Discovery today occurs in a global network of content, organizations and people. The use of content increases exponentially as it is linked not just to other content but also to other entities. To clearly distinguish these entities, identifiers are being introduced for authors (ORCID), their institutions (ISNI, Ringgold) and their funders (FundRef). With these entities identified, it is easy to envision a geographic map of the research landscape that reveals which funders are supporting faculty conducting research in specific disciplines at various locations around the world.

Content networks are expanding to include components of the research process such as datasets and videos that are not easily accommodated within the existing publication structure. In addition to books and journals there is a need for more timely and diverse communication formats such as blogs that support debate within a discipline or to address research in ways that are more accessible for a wider audience.

New tools are being introduced to support and connect these additional formats with more established forms of scholarship. Figshare provides a DOI for figures, data, images and video to make these elements more discoverable and accessible. recognizes and measures use of content by different types of outlets such as blogs, news, twitter, Wikipedia, policy documents, LinkedIn, Youtube and other sources.

At a time when the role of traditional subject indexes is challenged by the major search engines, two new indexes were recently launched at the American Library Associations’ Midwinter Meeting. Both are curated collections of content that is freely available.

  • The founders of 1Science created an index of peer reviewed open access (OA) journals to acknowledge that a tipping point had been reached with the volume of open literature.

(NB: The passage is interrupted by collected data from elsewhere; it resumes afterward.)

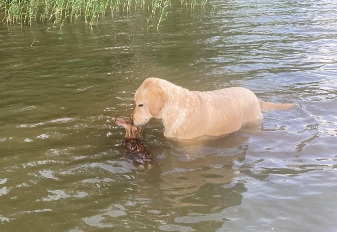 Vào sáng ngày 2/6, ông Ralph Dorn (62 tuổi) đang tìm kiếm chú chó cưng Harley 6 tuổi thuộc giống Goldendoodle của mình ở bên hồ sau nhà thì nhìn thấy nó đang bơi dưới hồ và bên cạnh còn có một chú nai con. Thì ra là nó đang cứu con nai lên bờ.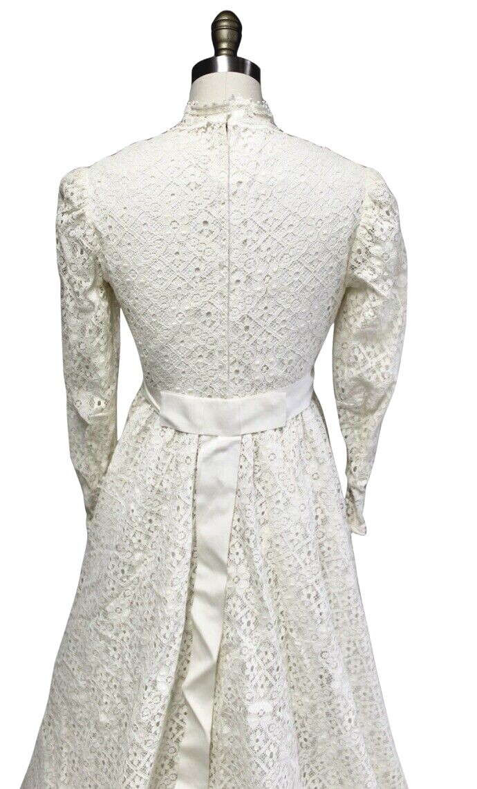 Vintage 1960s-70s-Wedding Gown Ivory Lace Empire Waist Train Veil Trousseau sz 6( fits the size 6 mannequin like a glove)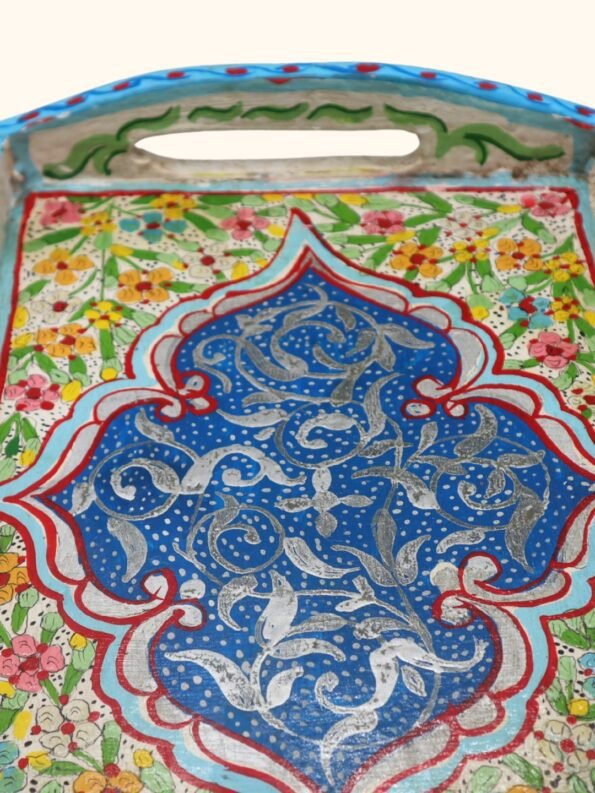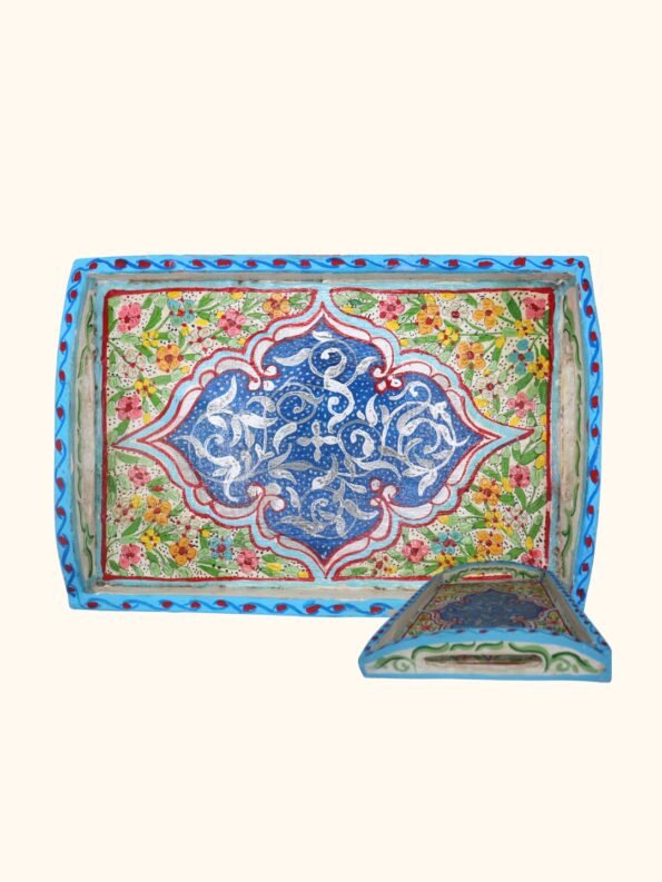 تلعب الصواني من الخشب دورًا أساسيًا في الضيافة العربية والمغربية، حيث تُقدَّم عليها الشاي بالنعناع والقهوة والحلويات للضيوف. وتعكس الزخارف المتقنة والألوان الزاهية التقاليد الزخرفية الإسلامية، وتنقل إلى المنزل أجواء الرياض التقليدية وبيوت المدينة القديمة.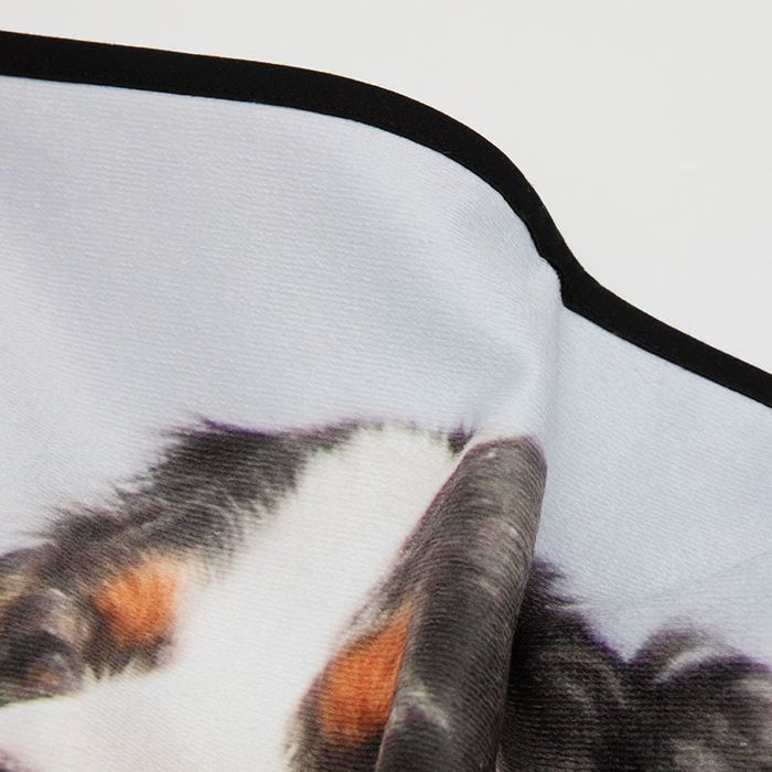 Motiv-Fotocollagen, bunte Muster oder ein schlichtes Logo: Auf der Mikrofaser-Seite kommt jedes Design gestochen scharf zur Geltung. Du kannst dein Hundetuch mit eigenem Motiv drucken oder einen witzigen Spruch hinzufügen, damit jeder sofort weiss, wer hier getrocknet wird.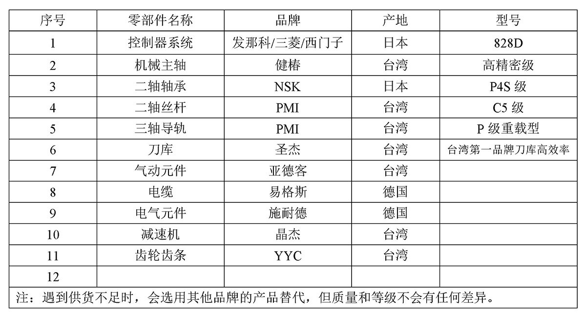 1.4主要零部件使用品牌及规格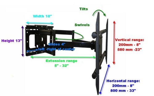 This Solidmounts UADD-850 Dual Arm Articulating Swing-Arm TV wall mount is great news for owners of flat-panel TVs. Heavy Duty: It's designed to safely and securely support large displays 42" to 58". This mount is easy to install and use, and combines full swivel and tilt capabilities to optimize viewing for any Plasma/LCD display. Its rugged simplicity provides a balance of solid construction with ease of use. The Universal Adapter design allows installation of virtually any 37" to 58" Plasma/LCD in just minutes!. This wall-mount supports Displays up to 150 lbs. This mount combines smart engineering with outstanding fit and finish. Extends 32" which is virtually unheard of.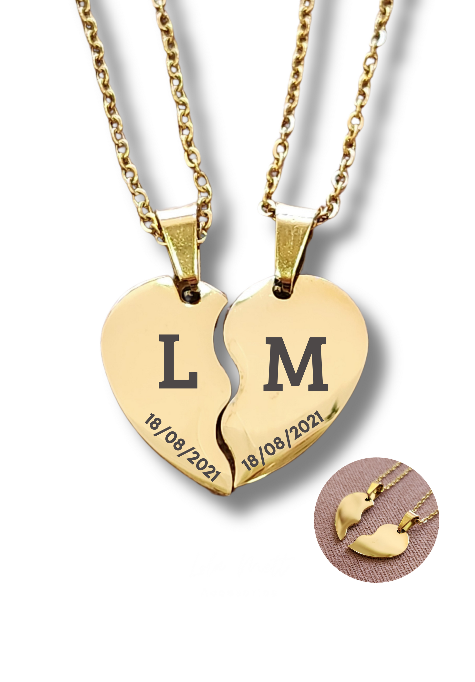Dijes con cadena de acero inoxidable grabado con inicial y fecha (opcional).

They have since added a service that compares a libraries’ subscriptions with OA journals to assist the library in evaluating how much paid content they need to acquire.
  • ACI's Scholarly Blog Index is a curated collection of 10,000+ blogs across all disciplines. In addition to being selected and indexed, the content is preserved for future use.

Academic networks for individual researchers (Mendeley,, ResearchGate) serve as another source of discovery. Two new companies are mapping institutions and their researchers for two very different markets.

  • ResearchConnection provides an institutional view of academic research and researchers.
  • Expernova serves the corporate market by identifying the expertise of researchers within companies and across different industries to reveal where innovation is occurring.

Collectively these different tools reveal elements of the current global research environment that will be useful in building smarter search results.


Inspired by the promise of the Semantic Web some large publishers and organizations are defining the relationships between the entities in their articles in order to create the infrastructure necessary to inform enhanced search results.

Technology companies such as IBM, AI2 and Meta are developing sophisticated technologies that focus on a specific body of research literature and seek to deliver intelligent results.

  • IBM created Watson which uses natural language processing and computational power to analyze vast amounts of unstructured data. Watson evaluates the literature in a given area which is curated with human support. Quality content is then indexed and Watson, using machine learning, is trained with the help of humans to understand linguistic patterns. Watson has applications in data mining, financial modeling and molecular dynamics.
  • The Allen Institute for Artificial Intelligence (AI2), backed by Microsoft founder Paul Allen, launched Semantic Scholar which uses natural language processing, data mining and machine learning to understand the content of articles. Starting with 3 million open access articles in computer science, the software is selecting keywords and phrases from the text. They can determine which paper's cited references actually influenced the paper rather than being incidental.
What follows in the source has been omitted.